DocsTensor
Tensor API Reference
The Tensor class is the fundamental data structure in cyxwiz-backend, providing GPU-accelerated multi-dimensional array operations powered by ArrayFire.
Data Types
| Type | Description |
|---|---|
| Float16 | Half precision |
| Float32 | Single precision (default) |
| Float64 | Double precision |
| Int8/Int16/Int32/Int64 | Integer types |
| Bool | Boolean |
Factory Functions
// Zeros Tensor Zeros(const std::vector<int>& shape, DataType dtype = DataType::Float32); // Ones Tensor Ones(const std::vector<int>& shape, DataType dtype = DataType::Float32); // Random uniform [0, 1) Tensor Rand(const std::vector<int>& shape, DataType dtype = DataType::Float32); // Random normal (mean=0, std=1) Tensor Randn(const std::vector<int>& shape, DataType dtype = DataType::Float32); // Range Tensor Arange(float start, float end, float step = 1.0f); // Linspace Tensor Linspace(float start, float end, int num); // Identity matrix Tensor Eye(int n, DataType dtype = DataType::Float32); // Full with value Tensor Full(const std::vector<int>& shape, float value, DataType dtype = DataType::Float32);
Basic Operations
#include <cyxwiz/tensor.h>
using namespace cyxwiz;
// Create tensors
Tensor a = Randn({100, 50});
Tensor b = Randn({50, 30});
// Matrix multiplication
Tensor c = a.MatMul(b); // Shape: (100, 30)
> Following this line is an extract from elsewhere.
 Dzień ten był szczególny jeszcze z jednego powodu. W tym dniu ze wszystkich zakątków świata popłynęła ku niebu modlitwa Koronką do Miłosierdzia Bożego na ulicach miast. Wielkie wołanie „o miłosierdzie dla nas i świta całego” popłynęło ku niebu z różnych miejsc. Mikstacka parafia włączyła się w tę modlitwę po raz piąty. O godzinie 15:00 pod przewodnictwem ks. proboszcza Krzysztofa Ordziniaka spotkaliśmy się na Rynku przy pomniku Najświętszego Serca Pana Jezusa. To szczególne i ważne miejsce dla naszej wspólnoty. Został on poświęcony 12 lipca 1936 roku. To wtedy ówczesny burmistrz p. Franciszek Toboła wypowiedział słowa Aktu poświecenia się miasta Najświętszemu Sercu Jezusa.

// Element-wise operations
Tensor d = a * 2.0f + 1.0f;
// Reductions
Tensor sum = a.Sum(); // Scalar
Tensor col_sum = a.Sum(0); // Sum along dim 0, shape: (50,)
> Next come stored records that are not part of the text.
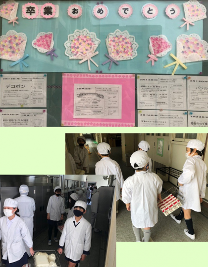 給食室にやって来る子どもたちが、いつもよりテンションが高めに見えるのは気のせいでしょうか。給食室前も卒業を祝う掲示物が貼られ、みんなで6年生のお祝いです。
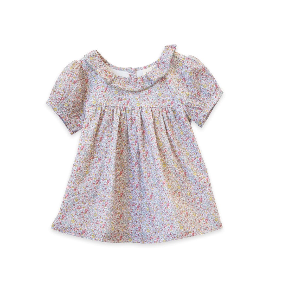 A charming little dress to match their cheery smiles and infectious giggles. The Emily features a ruffle around the neck line with picoting lace in a deeper color for a beautiful look. Sleeves add a little puff and volume. The dress has a gentle drape that looks cute with bloomers, skirts, leggings or any choice of favorite bottoms. Ages: 6 months to 2 years. Colors: Yellow buttercup, Red floral.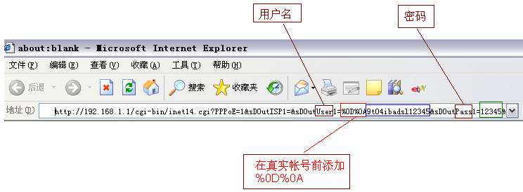 由于特殊字符ASCII码rn,无法用键盘输入实现,因此不能通过手动修改用户帐号进行路由器拨号连接。经过分析,实现rn特殊字符的输入只需在真实用户帐号前添加%0D%0A即可。根据这种情况,我们修改了路由器管理页面的登录地址加以解决。

Tensor row_sum = a.Sum(1); // Sum along dim 1, shape: (100,)
// Statistics
Tensor mean = a.Mean();
Tensor max_val = a.Max();
Tensor min_val = a.Min();Shape Manipulation
Tensor t = Randn({2, 3, 4, 5});
// Reshape
Tensor reshaped = t.Reshape({6, 20});
// Flatten
Tensor flat = t.Flatten(); // Shape: (120,)
// Transpose
Tensor transposed = t.Transpose(-2, -1); // Swap last two dims
// Permute
Tensor permuted = t.Permute({0, 2, 1, 3}); // Reorder dimensions
// Squeeze/Unsqueeze
Tensor squeezed = Randn({1, 10, 1}).Squeeze(); // Shape: (10,)
Tensor unsqueezed = Randn({10}).Unsqueeze(0); // Shape: (1, 10)Indexing and Slicing
Tensor t = Randn({10, 20, 30});
// Single index
Tensor first = t[0]; // Shape: (20, 30)
// Slice
Tensor sliced = t.Slice(0, 2, 5); // t[2:5, :, :], shape: (3, 20, 30)
// Multiple slices
Tensor multi = t.Slice(0, 0, 5).Slice(1, 10, 15); // t[0:5, 10:15, :]Device Management
// Create on default device
Tensor cpu_tensor = Randn({1000, 1000});
// Move to GPU
Tensor gpu_tensor = cpu_tensor.ToGPU();
// Move back to CPU
Tensor back_to_cpu = gpu_tensor.ToCPU();
// Check device
if (gpu_tensor.IsOnGPU()) {
std::cout << "Tensor is on GPU" << std::endl;
}
// Explicit device
Tensor cuda_tensor = cpu_tensor.ToDevice(DeviceType::CUDA);Gradient Computation
// Create tensor with gradient tracking
Tensor x = Randn({10, 5});
x.RequiresGrad(true);
// Forward pass
Tensor y = x.MatMul(Randn({5, 3}));
Tensor loss = y.Sum();
// Backward pass
loss.Backward();
// Access gradient
Tensor grad = x.Grad();
// Zero gradients
x.ZeroGrad();
// Detach from computation graph
Tensor detached = y.Detach();Broadcasting Rules
CyxWiz follows NumPy/PyTorch broadcasting rules:
- If tensors have different numbers of dimensions, prepend 1s to smaller tensor's shape
- Dimensions are compatible if they are equal or one of them is 1
- The output shape is the maximum of each dimension
Tensor a({3, 4, 5});
Tensor b({4, 5}); // Broadcasts to (1, 4, 5)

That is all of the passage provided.